Hypothesis
When the EPL Poisson model disagrees with Bet365 closing odds by more than 5% (|model_p − implied_mkt_p| > 0.05) on the home/away side, the bet generates positive EV after Polymarket's 2% taker fee + 2c half-spread.
Data Used
- Model predictions: EPL Poisson (trained 22/23+23/24, walk-forward tested on 24/25)
- Market proxy: Bet365 closing odds (B365H, B365D, B365A) from football-data.co.uk 24/25 CSV
- Endpoint:
https://www.football-data.co.uk/mmz4281/2425/E0.csv - n = 342 games with valid odds and known teams
- Polymarket comparison markets (live, as of 2026-05-20):
- Arsenal CL:
price=0.43, liq=$989k —GET https://gamma-api.polymarket.com/markets?closed=false&active=true - PSG CL:
price=0.59, liq=$1.16M
Sample bets (edge > 5%):
| Date | Match | Side | model_p | mkt_p | edge | odds | Won | PnL |
|---|---|---|---|---|---|---|---|---|
| 03/05/25 | Arsenal vs Bournemouth | H | 0.839 | 0.464 | +0.375 | 2.05 | No | −1.02 |
| 25/01/25 | Man City vs Chelsea | H | 0.760 | 0.469 | +0.291 | 2.05 | Yes | +0.99 |
| 10/11/24 | Forest vs Newcastle | A | 0.591 | 0.355 | +0.236 | 2.70 | Yes | +1.63 |
| 08/03/25 | Forest vs Man City | A | 0.746 | 0.511 | +0.235 | 1.85 | No | −1.02 |
Method
- Odds → implied prob (vig-adjusted): $p_i^{mkt} = \frac{1/o_i}{\sum_k 1/o_k}$
- Edge: $e_i = p_i^{model} - p_i^{mkt}$
- Bet $1 when $e_i > \theta$ (home or away side, whichever has larger positive edge)
- Net PnL per win: $\text{profit} = (o_i - 1) - o_i \cdot 0.02 - 0.02$ (taker fee on payout + half-spread)
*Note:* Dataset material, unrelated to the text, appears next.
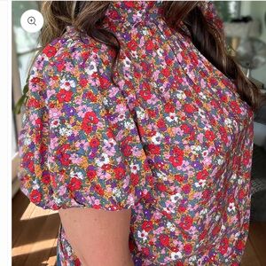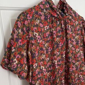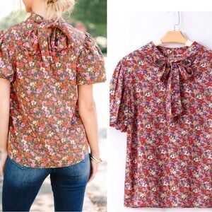 Vici Women’s Multicolor Floral Puff Sleeve Tie Back Blouse Top Size XL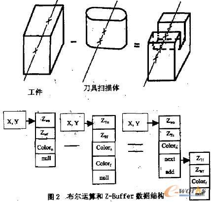 其運(yùn)算過程如圖2所示。在數(shù)據(jù)結(jié)構(gòu)中,對應(yīng)每一點(diǎn)(x,y)有一個近端Z值Zx,遠(yuǎn)端Z值Zy顏色值和指向該射線上下一個單元的指針。如圖所示,和工件的數(shù)據(jù)結(jié)構(gòu)的不同之處在于刀具的數(shù)據(jù)結(jié)構(gòu)中增加了遠(yuǎn)端的顏色值,這樣可以方便布爾運(yùn)算。圖中所示工拌開始時是毛坯,因此,沿射線方向只有一段,故指針為 null。同理,刀具的指針也為 null。當(dāng)?shù)毒咔邢鞴ぜr,如圖所示,兩個實(shí)體的布爾運(yùn)算在采用Z-Buffer的數(shù)據(jù)結(jié)構(gòu)后就簡化為視線方向的一維求差運(yùn)算。對應(yīng)像素(x,y)的射線。這時沿視線有四個交點(diǎn),由于工件被刀具掃描體分成兩部分,視線被裁剪為兩段。因此,對應(yīng)該像素點(diǎn) 少就有兩個單元。所進(jìn)行的布爾運(yùn)算只需對原來工件的數(shù)據(jù)結(jié)構(gòu)進(jìn)行 改,工件 單元遠(yuǎn)端Z值被刀具的近端Z值替換、指針不再等于零而是指向新產(chǎn)生的單元,而新單元的近端Z值為刀具的遠(yuǎn)端Z值。遠(yuǎn)端Z值是原工件單元的遠(yuǎn)端Z值。顏色等于刀具的遠(yuǎn)端顏色值,指針為零。系統(tǒng)對所有的像素不斷重復(fù)進(jìn)行著這樣的一維運(yùn)算。該種算法的分辨率取決于緩沖器的容量。

- Net PnL per loss: $-1.02$
Result
| Threshold $\theta$ | N bets | Hit% | ROI (net) | Sharpe |
|---|---|---|---|---|
| 2% | 197 | 40.6% | −14.6% | −0.128 |
| 3% | 180 | 40.6% | −15.5% | −0.137 |
| 5% | 147 | 39.5% | −16.4% | −0.144 |
| 7% | 121 | 39.7% | −16.4% | −0.148 |
| 10% | 100 | 39.0% | −18.4% | −0.167 |
| 15% | 48 | 37.5% | −26.3% | −0.257 |
Verdict: FAIL — negative ROI at every threshold tested. ROI worsens as threshold increases.
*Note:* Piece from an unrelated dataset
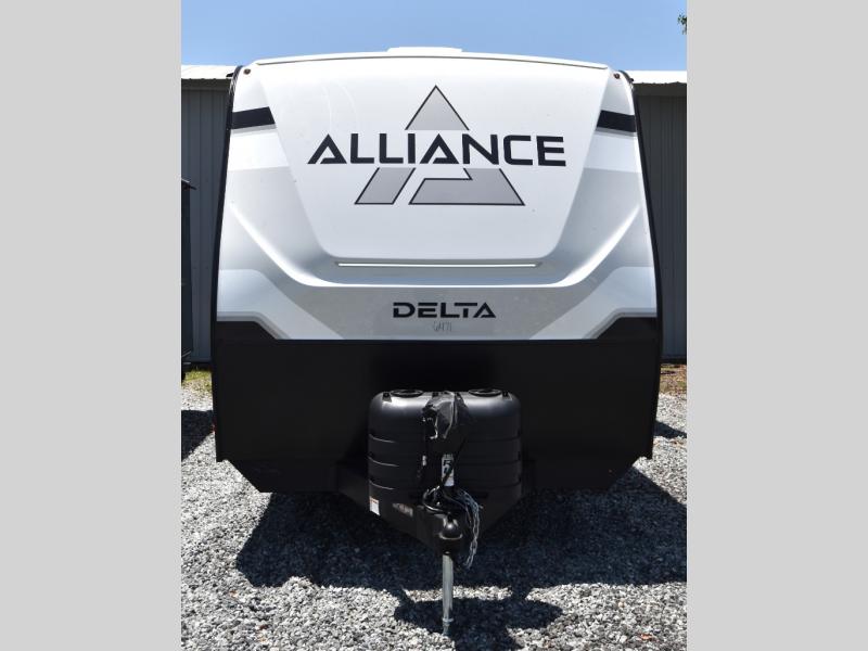 Form and function works together with every one of these Alliance RV Delta travel trailers! They are built with a walk-on roof with a seamless PVC roof covering, Mylar reinforced exterior seals, and a heated and enclosed underbelly to protect your unit in all seasons. The commercial grade vinyl flooring will be easy to clean and the oversized atrium windows throughout let in plenty of natural sunlight. With 62 cu. ft. of drop frame pass-through storage, you can bring along all of your essential camping gear plus it has USB charging for more convenience. There are many at home interior conveniences including a Bluetooth speaker, USB charging throughout, and even a pull-out kitchen trash can. Come find your favorite model today!

CL Final comparison (high-uncertainty illustration only): - Model (Man City as PSG proxy, neutral ground): Arsenal 0.462, PSG 0.538 - Market: Arsenal 0.43, PSG 0.59 → model slightly prefers Arsenal vs market - This comparison is UNRELIABLE: Man City ≠ PSG; no UCL form data; proxy error dominates
Reproduction
source ~/.pmvenv/bin/activate
python3 /mnt/projects/tnt_85c10df4451042ca/prj_c7cb91b70b2f42ac/d5_backtest_vs_market.py
# Output: /tmp/pm_data/backtest_results.json
# Plot: /tmp/pm_data/d5_calibration_plot.png
Failure Mode / Next Step
Why it fails: 1. The model's largest edges are on strong home teams (Man City, Arsenal, Tottenham), precisely where calibration is worst — bucket 7–8 actual rate 0.52–0.61 vs model 0.69–0.76. 2. Bet365 already correctly discounts Man City/Tottenham in 24/25 (recognizing their form drop); the model doesn't adapt. 3. Higher thresholds correlate with larger bet sizes on the miscalibrated region → PnL worsens.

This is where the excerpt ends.